Protesto em Paris marca um mês do assassinato de Marielle Franco

media Manifestantes se reuniram diante da prefeitura de Paris para lembrar um ano da morte de Marielle Franco RFI/Paloma Varón

Dezenas de pessoas se reuniram neste sábado (14) diante da prefeitura de Paris em um protesto em homenagem à vereadora brasileira Marielle Franco, assassinada há um mês. O grupo pede justiça após o crime, que permanece impune.

Cerca de 40 pessoas, brasileiros e franceses, compareceram ao ato diante da prefeitura da capital francesa. O prédio expõe em sua porta, há algumas semanas, uma foto da vereadora brasileira, acompanhada da mensagem “Paris não esquece Marielle Franco”.

Carregando bandeiras do Brasil com faixas pretas representando o luto, os participantes do protesto deste sábado empunhavam cartazes com frases como “Quem mandou matar Marielle?”, ou ainda “Stop Killing Us – Black, Woman, LGBT” (Parem de nos matar – Mulheres, Negros e LGBT). Velas também foram acesas e um minuto de silêncio foi observado.  

Paris já foi palco de outros protestos após o assassinato da vereadora. Três dias após sua morte, um grupo de cerca de 200 brasileiros e franceses se reuniu em frente à Ópera da cidade para uma marcha intitulada “Justiça para Marielle Franco”. Manifestações de solidariedade também foram registradas em outras cidades europeias.
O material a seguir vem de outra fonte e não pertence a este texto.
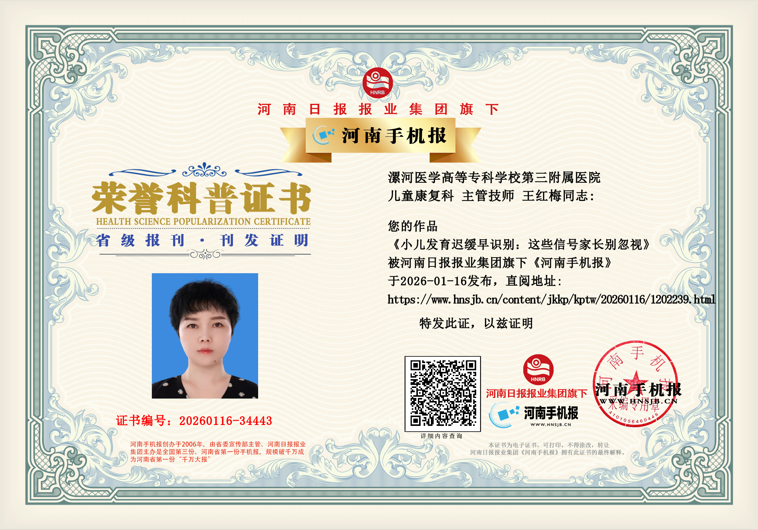 (王红梅 漯河医学高等专科学校第三附属医院 儿童康复科 主管技师)
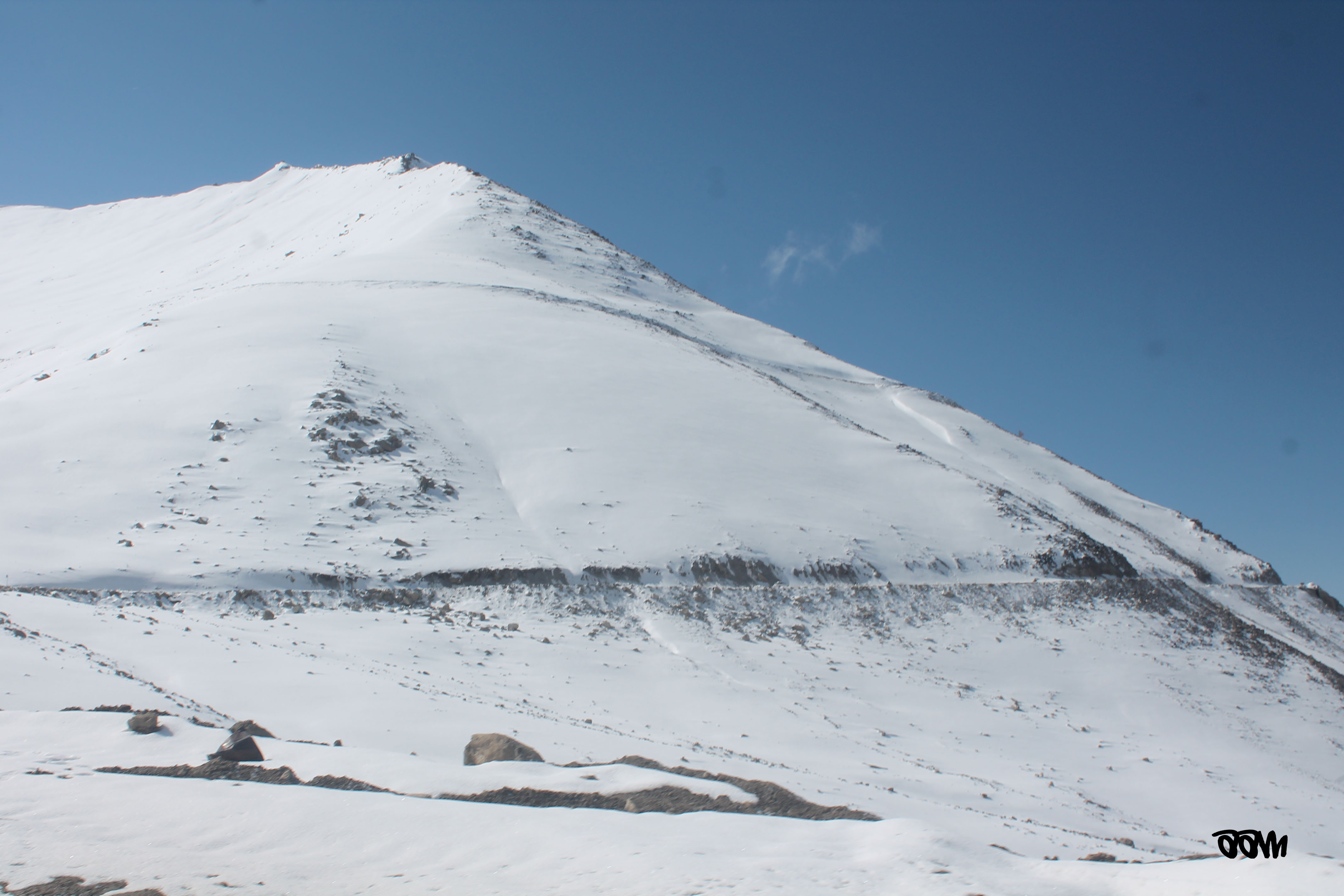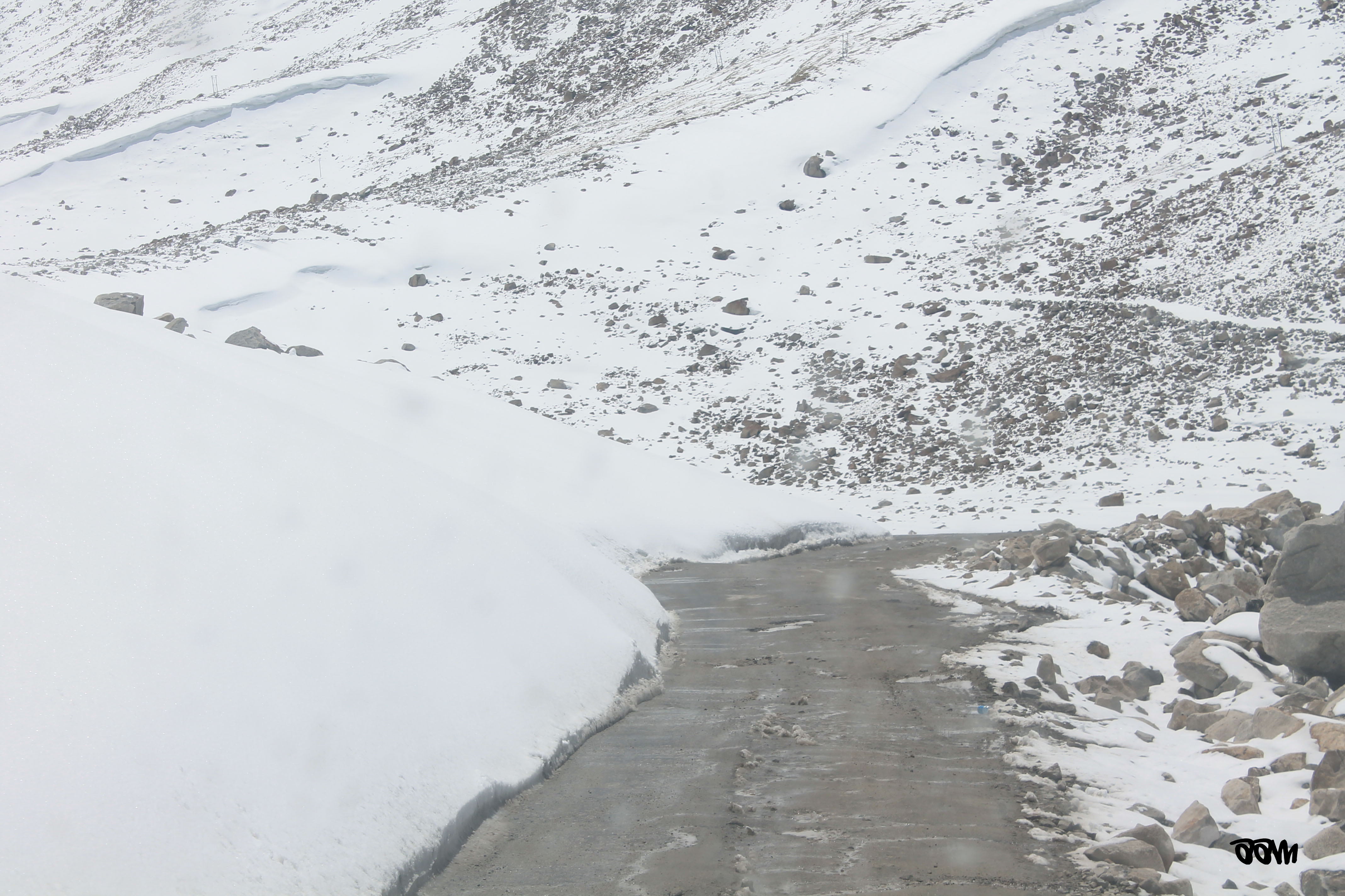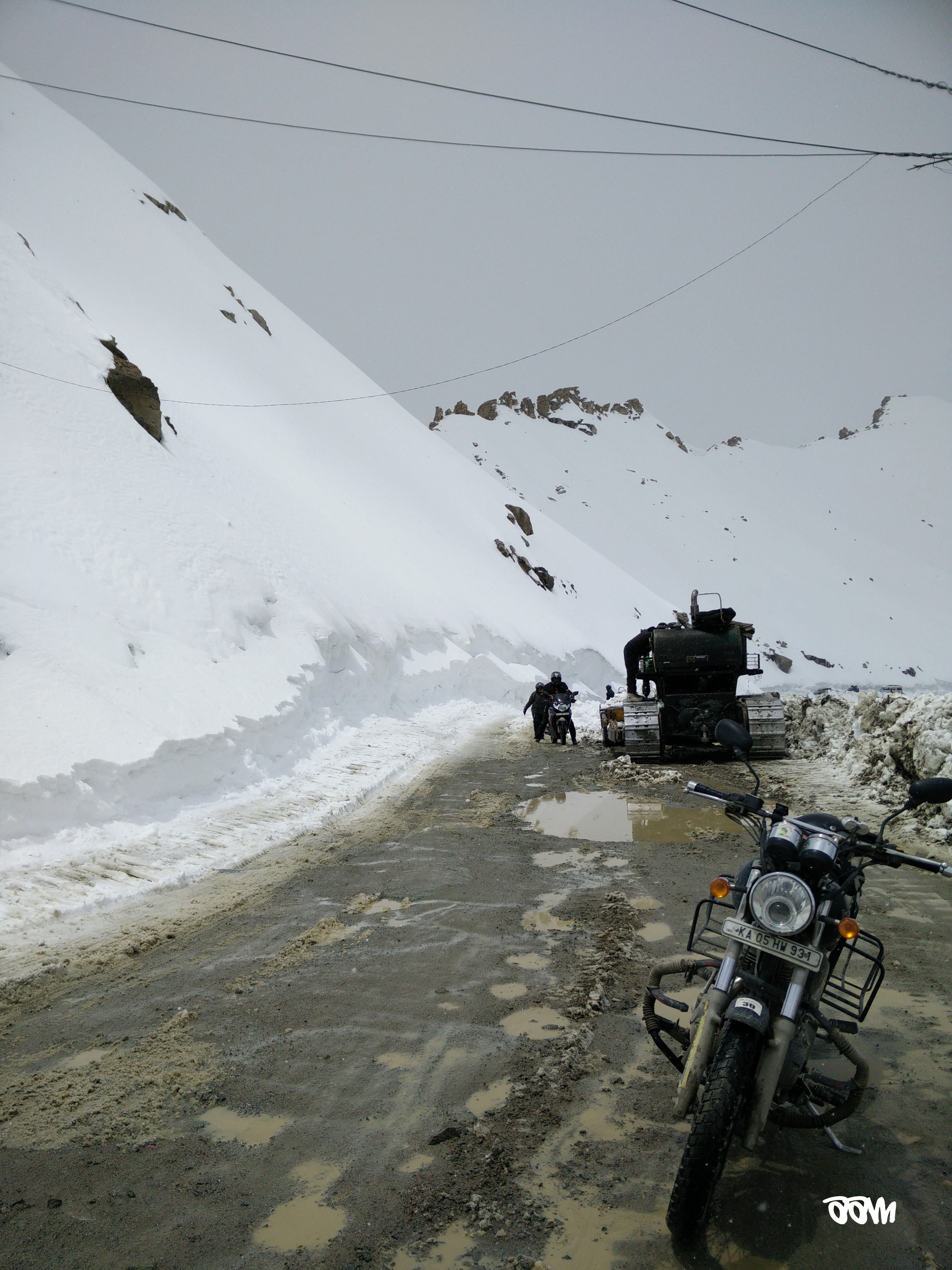 We reached the top after a lot of slipping and skidding, once again huffing and puffing after every small physical effort. We were greeted at the top by a traffic jam! There was snowfall and an army convoy was waiting to move down to North Pullu. But to be safe, the tyres of the trucks were being chained. Even talking for a long time here drains you of energy. It took almost 40 mins for the road to clear and we were on our way.

Logo após o assassinato, a imprensa internacional se interessou pelo caso. Alguns jornais especularam sobre a motivação política do da morte da brasileira, enquanto a mídia francesa apontou que o ativismo da vereadora “incomodava a polícia, o governo e os militares no Brasil”.
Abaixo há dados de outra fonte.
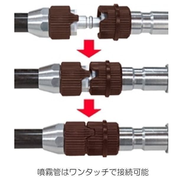 | ・フレームにアルミ製四角パイプを採用し、作業時のフレームのねじれを防止することにより、 安定した平行散布ができます。 ・カーボンパイプの採用と専用の肩掛けベルトを使用することで、作業負担を軽減します。 ・噴霧管はワンタッチで簡単に接続でき、作業時間が大幅に削減できます。 また、噴霧管先端の詰栓もワンタッチ式となり、散布作業後の水抜きが楽に行えます。(特許品) ・平行散布はムラが少なく、農薬の節約に役立ちます。 ・一度に広範囲の散布が可能なため、労力と時間が大幅に削減できます。 | |
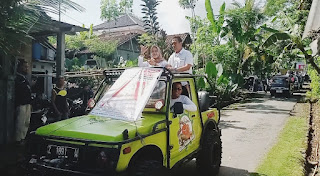 Didampingi suaminya Bangkit, dengan menggunakan mobil Jeep, Dian Eka Winartiningsih yang mengenakan baju putih dibalut sebuah selendang warna hijau itu, disepanjang selalu melambaikan salam tiga jari, kepada masyarakat yang dijumpai disepanjang jalan.
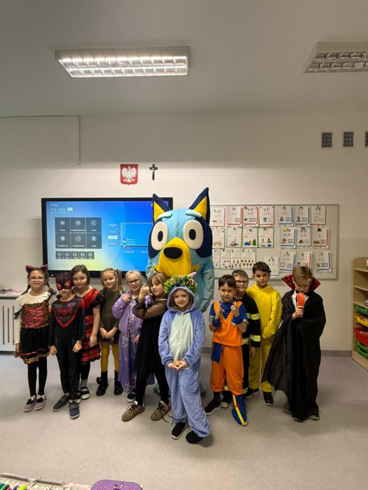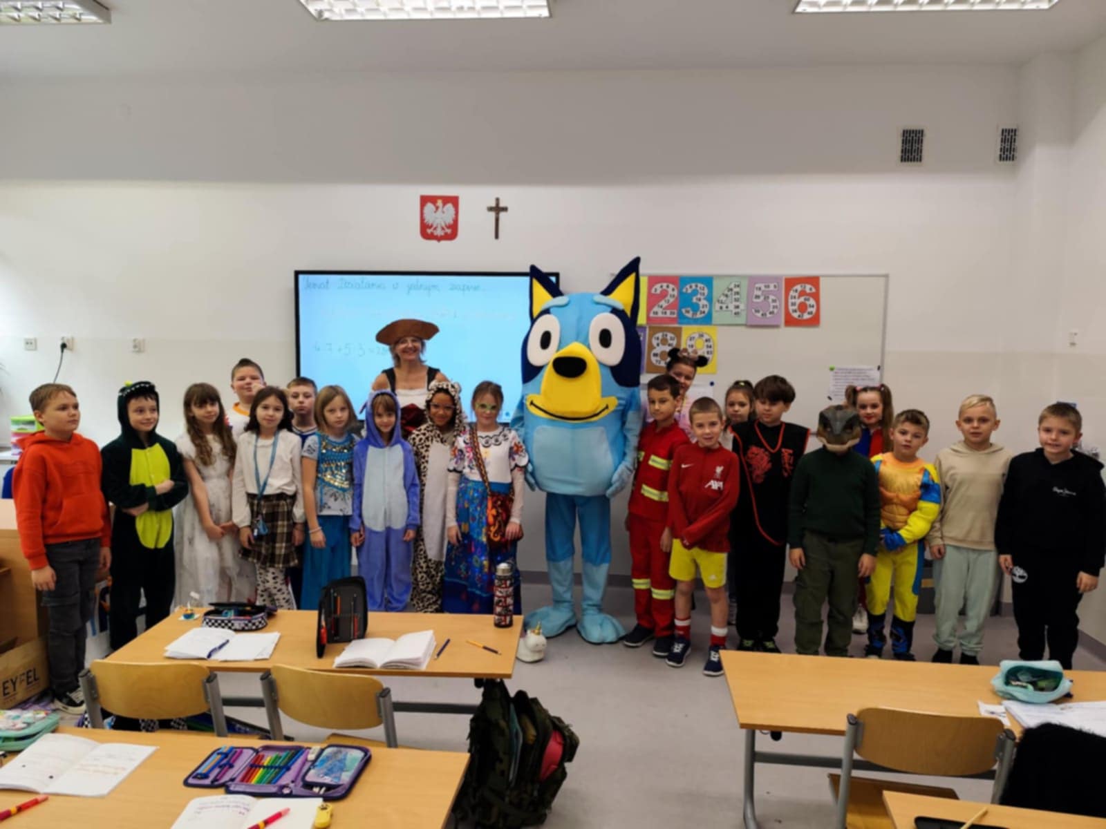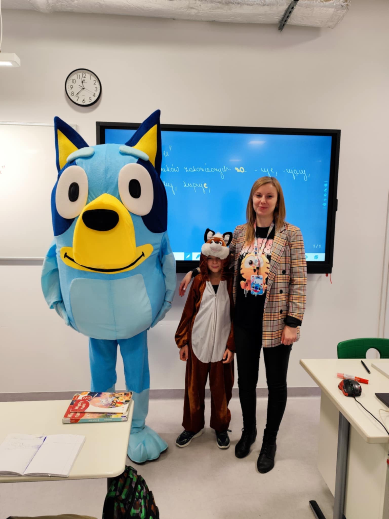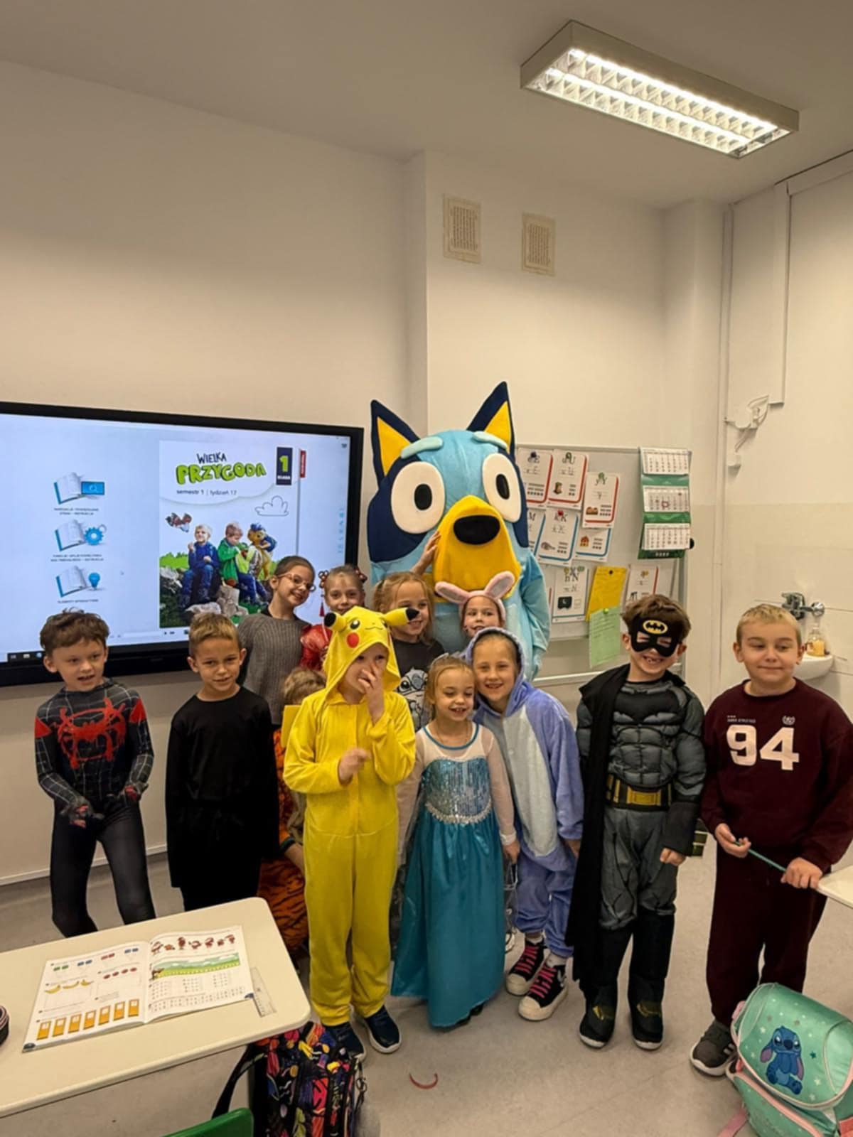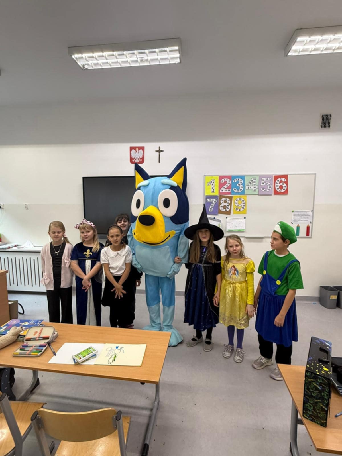 Atmosfera była pełna śmiechu, kreatywności i dobrej zabawy. Największą atrakcją dnia okazała się wizyta maskotki Blue, która wzbudziła ogromną furorę. Uczniowie z entuzjazmem przywitali gościa, robili sobie zdjęcia i przybijali „piątki”. Radość najmłodszych była nie do opisania, a szerokie uśmiechy towarzyszyły im do końca dnia.

Foto de Marielle Franco está exposta diante da prefeitura de Paris, onde foi realizado o protesto um mês após o assassinato da vereadora brasileira RFI/Paloma Varón

Autores ainda não foram punidos

Na sexta-feira (13), a Anistia Internacional pediu novamente ao governo brasileiro que esclareça o assassinato da vereadora. “A sociedade precisa saber quem matou Marielle e por quê. A cada dia que passa e este caso permanece sem respostas, o risco e ameaças em torno dos defensores e defensoras de direitos humanos aumentam”, declarou Jurema Werneck, diretora-executiva da Anistia Internacional Brasil.

“O assassinato de uma vereadora, defensora de direitos humanos, ativista dos movimentos LGBTI e das favelas, negra e lésbica, tem, claramente, a intenção de silenciar sua voz e de gerar medo e insegurança. Mas vamos continuar levantando nossas vozes. Desde que Marielle foi morta, as pessoas no Brasil e em todo o mundo, se mobilizaram e não descansarão até que a verdade seja conhecida e a justiça seja feita. Eles tentaram nos calar, mas nós mostramos que não estamos com medo”, concluiu a diretora da Anistia.